Colorectal cancer (CRC) is a commonly occurring malignant tumor in the pelvis and abdomen. In 2018, its morbidity and mortality ranked third and second among malignant tumors globally and fifth among malignant tumors in Taiwan, with an annually increasing incidence rate.⁶ Surgery is the standard treatment for patients with CRC. Iversen et al reported that the prevalence of postoperative DVT was about 20% in patients undergoing radical resection of CRC.⁷ At the same time, the incidence of PE after colorectal surgery was 4 times than that associated with other surgeries.⁸

VTE can be effectively prevented by drug or non-drug methods.^9,10 The guidelines recommend that physical processes and anticoagulant therapy should be used for hospitalized patients with a high risk of VTE to prevent its occurrence.
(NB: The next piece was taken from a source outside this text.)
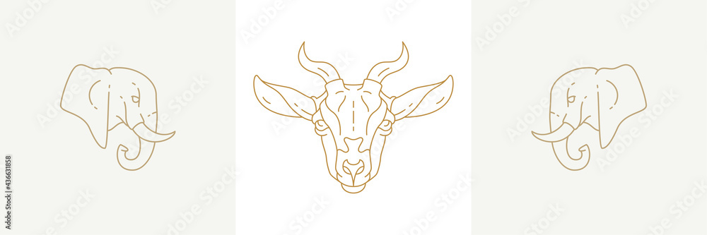 Obraz na plátně Heads of elephants and goat in linear style vector illustrations set

However, bleeding complications associated with anticoagulant therapy are common in cancer patients,¹¹ and the potential harm associated with thromboprophylaxis may outweigh the benefits in patients at lower risk for VTE.¹² Therefore, antithrombotic therapy should be stratified according to risk in order to benefit more high-risk patients. Stratification of VTE risk establishing a predictive model in clinical practice may be 1 solution.

Although many VTE scoring tools are used clinically, including the Caprini score,¹³ which is suitable for surgical patients; the Khorana score¹⁴ and COMPASS-CAT,¹⁵ which is ideal for outpatient cancer patients; the PROTECHT score,¹⁶ which is suitable for chemotherapy patients; and the Padua score,¹⁷ which is perfect for hospital inpatients. Still none of the available scoring methods are specific to cancer surgery patients. Currently, no simple, rapid, and effective VTE risk assessment tool is available for Chinese patients undergoing CRC surgery. Therefore, this study aimed to retrospectively analyze the potential risk factors for postoperative VTE in patients undergoing radical resection for CRC, evaluate the effects on morbidity and mortality, and construct and validate a predictive model for VTE risk.

Methods

Study Design

This retrospective, single-center, cross-sectional study collected the demographic and clinical data of patients who underwent radical resection of CRC in the General Hospital of Ningxia Medical University from September 2020 to March 2022. The follow-up time was 6 months after the operation. The inclusion criteria were as follows: (1) patients diagnosed with CRC in Ningxia Medical University General Hospital who underwent surgical treatment, (2) complete clinical data, and (3) VTE patients must have evidence of imaging diagnosis. The exclusion criteria were the following: (1) patients with severe liver and kidney diseases, (2) combined with other malignant tumors, (3) combined with hematologic diseases, and (4) patients who had been diagnosed with VTE on admission.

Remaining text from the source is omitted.